Dünya üzerinde yıllar süren araştırmalar sonucu ilk televizyon bulunmuş ve kısa süre sonra tüm dünyada bir vazgeçilmez haline gelmişti. Hatta bazıları televizyon için; “Kimse bu kutunun karşısında saatlerce oturmaz.” Cümlesini kurmuş ve yanılmıştı. Televizyon aslında bir mesleğin örgütleşecek düzeye gelmesini sağlamıştı. Basın ve medya bir örümcek ağı gibi dünyada her gün, her an, her sokakta, her konuşmada bir ilginç bir şeyler ararlar ve derler toplar insanlara sunarlar. Bir yandan çok güzel bir şey bizim ve insanlık adına.

Basın medya öyle bir hale geldi ki, dünya basın ve medyanın eline geçti. Herkes internet, gazete ve televizyon aracılığı ile gördüğü her şeye inanır veya kendi seçtiği bir grubun haberlerine inanır gerisine hiç bakmaz hale geldi. Basın-medya artık dünyada istediği her şeyi yapabilecek hale geldi bence. Bir hafta boyunca beş kanal o ülkenin liderine karşı istediği atıp tutsun bir haftanın sonunda o lider ya diktatörce kanalları kapattırıp bunları yapanları asar yada o ülkeyi terk edecek hale gelir.
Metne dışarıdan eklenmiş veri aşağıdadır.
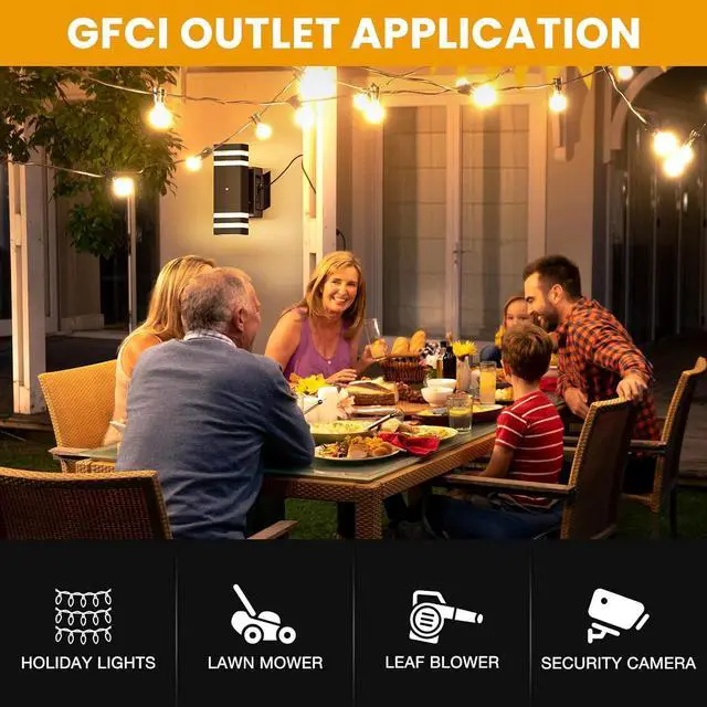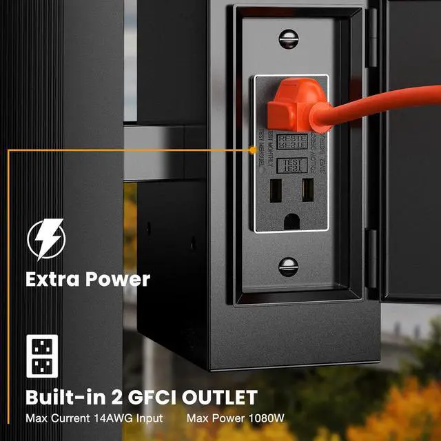 Outlet: GFCI (ground fault circuit interrupter) outlets bring you the convenience of powering up your outdoor. Easily accessible power with additional protection from power surges/short circuits/other electrical faults. Simply turn on the light and plug in your holiday decor, power tools, etc. 14AWG input wire with max 1080W load.

Başka bir durum ise, o ülkede yapılan her kötülük insanlara iyi gibi gösterilebilir veya hiç gösterilmez. Çünkü fısıltı gazetesi artık bitti. Çağımızın gereği televizyon ve internet bizi dünyaya bağlıyor.

Örümce ağı benzetmesini kullandığım basın medya kısmını bir istihbarat teşkilatına da benzetiyorum. Çünkü her sokakta ve her cepte bir kamera ve bu kameralar hep bir şeyler yakalıyor. Sonra habercilerin eline o görüntüler öyle yada böyle geçiyor. Bazen o haberlere bir istihbarat birimi bile yetişemeyebilir. Bu kadar güçlü bir yapı doğal bir şekilde oluştu ve bu birimi biz büyüttük. Fakat artık basın medya ne isterse o olur.